Thursday, September 1, 2011

A Quick Note on Christian Conformity

I'm afraid I've suffered all my life from a vague assumption that simply isn't true. I knew it wasn't, but it has only recently been banished from my mind by all the people I've seen at Taylor. You might think it too, even if you've grown up in a church family all your life.

It's that Christians are somehow all the same. Boring. Oh, good people, certainly, but don't they all seem rather... normal? Maybe they've dulled by being around each other so much, like they've all become one kind of person.

That view is shattered if you hang around a place like this. We have our similarities, and we are all one body. But different parts of one whole do different things. Here at Taylor, we have people from all over the world. We have crazy dreadlocks, preppy clothes, skateboards, pet jellyfish, artists, scholars, musicians, jocks, dark skinned and fair and pierced. Some have sheltered pasts and others memories of horror.

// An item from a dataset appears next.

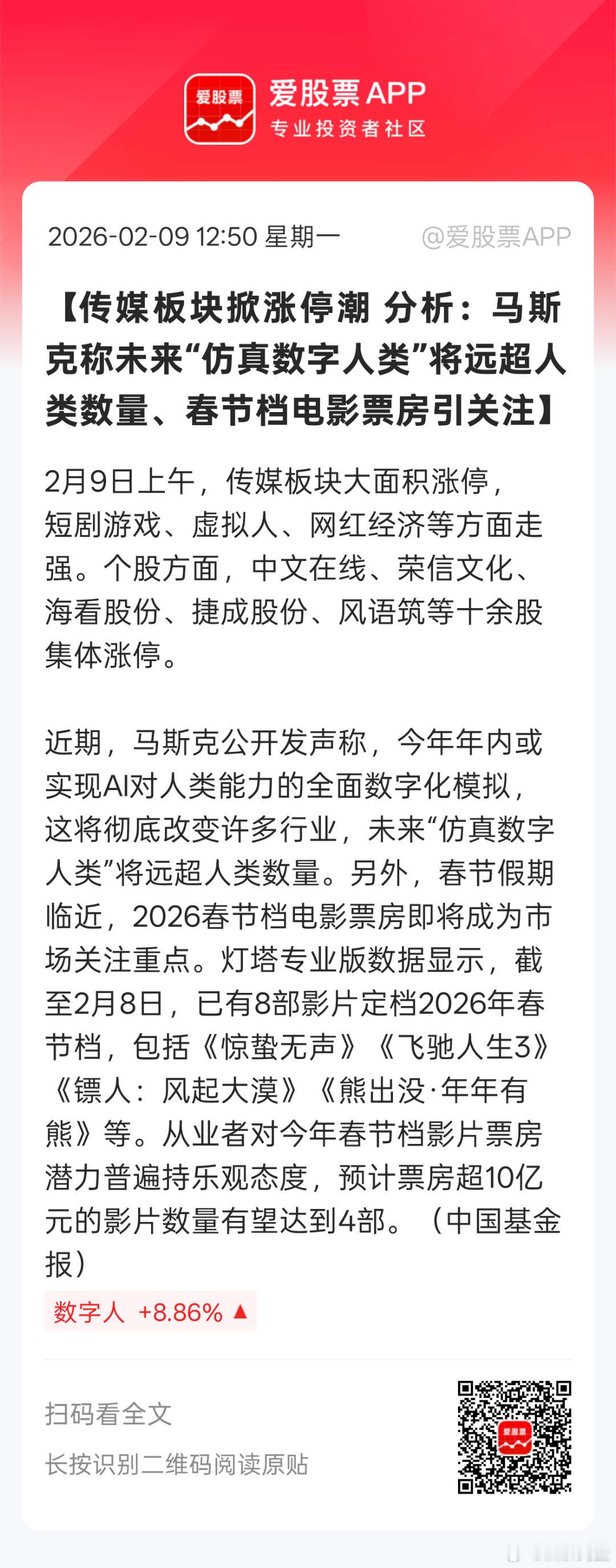 其实是字节的seedance2.0发布,生成效果超预期,市场预期推动AI短剧,AI漫剧加速发展,对整个产业链利好,包括数字版权企业,AI漫剧企业等

We have introverts, extroverts, insomniacs, geeks and nerds, shy people, gentle people, loud people, energetic people. What we all have in common is belief in our God, and the knowledge that we are all called to do special things and love each other. Only now are my eyes being opened to how God can use and love all of us, no matter what.

We come in all shapes and colors, kinds of dress, and lifestyles. But we have that which unites us -- Jesus Christ, who makes us what we are.